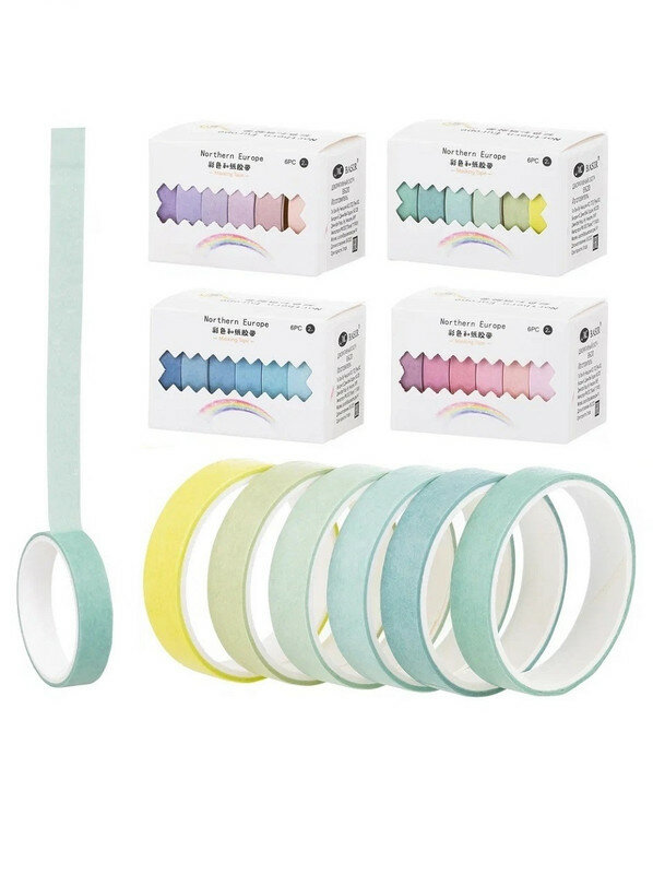 10 цен на Набор Клейкая лента декоративная цветной Градиент бумажная 6 лент зеленая
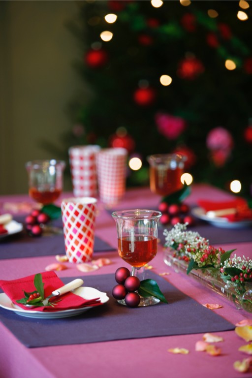 4. Gebruik voor een extra kerst-effect spulletjes uit je kerstboom, en leg deze in het midden samen met wat mooie (schone) kerstakjes of denneappels. Het oogt niet alleen mooi, maar het ruikt ook goddelijk! Ook mooi om rond de voet van je glazen te draperen.
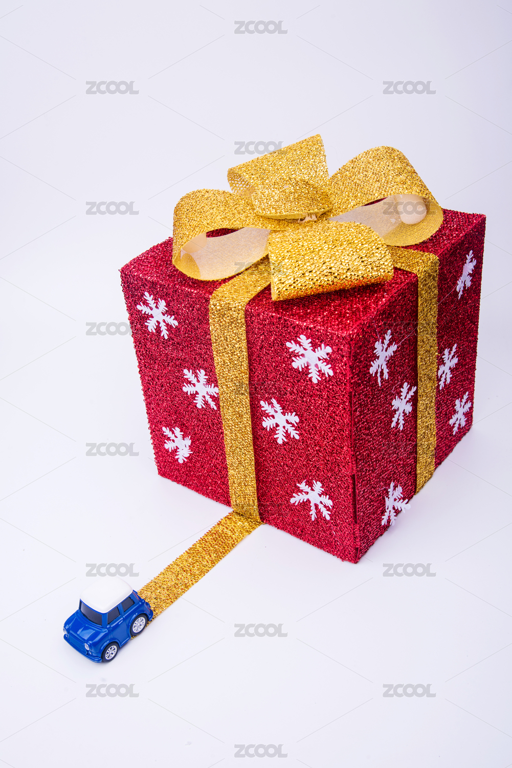 白色背景中的圣诞礼盒和小汽车模型
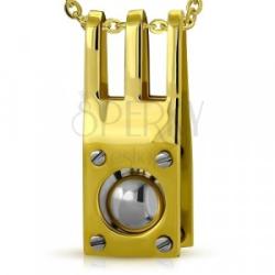 Medál sebészeti acélból - két csatolt lap arany színben, melynek közepén egy ezüst golyócska található. Méretei: 12 x 29 mmA golyócska átmérője: 7 mmA láncra kerülő szem nagysága: 4 mmAz ár egy medálra vonatkozik, lánc nélkül.
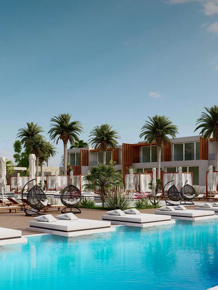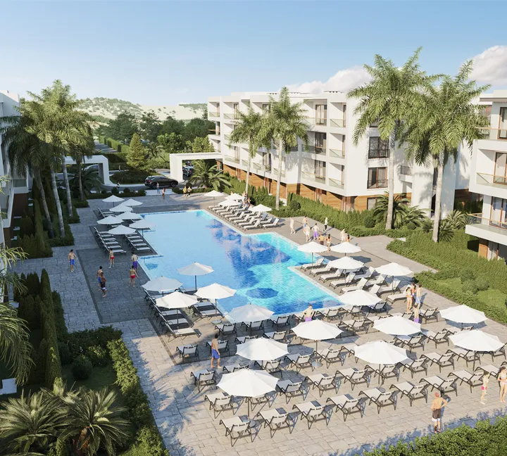 Респектабельный комплекс из 16 корпусов в стиле минимализма. Природные оттенки фасадов и прозрачные панорамные окна гармонично вписывают квартал в курортный ландшафт. С просторных террас открываются живописная панорама Каспийского моря. В центре комплекса — большой приватный бассейн с лаунж-пространством.
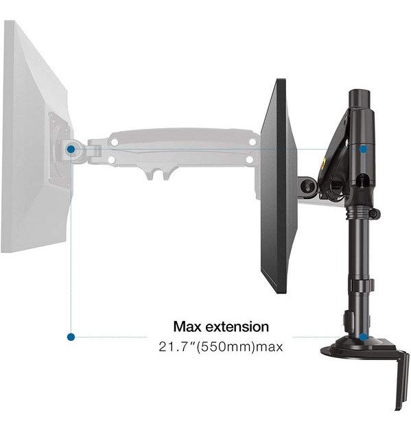 - Thiết kế đẹp mắt hơn, chắc chắn hơn, tải trọng khỏe hơn. Có cột đứng giúp cho việc điều chỉnh độ cao ở hai vị trí: cột đứng và lò xo khí nén ở cánh tay, giúp cho màn hình có thể điều chỉnh độ cao thấp dễ dàng.

+++++

#### Try it:
Could you transcribe exactly the entries above, but only the lines from the one with "白色背景中的圣诞礼盒和小汽车模型" through the one with "Medál sebészeti acélból", and without pictures?

#### Finished task:
 白色背景中的圣诞礼盒和小汽车模型
 Medál sebészeti acélból - két csatolt lap arany színben, melynek közepén egy ezüst golyócska található. Méretei: 12 x 29 mmA golyócska átmérője: 7 mmA láncra kerülő szem nagysága: 4 mmAz ár egy medálra vonatkozik, lánc nélkül.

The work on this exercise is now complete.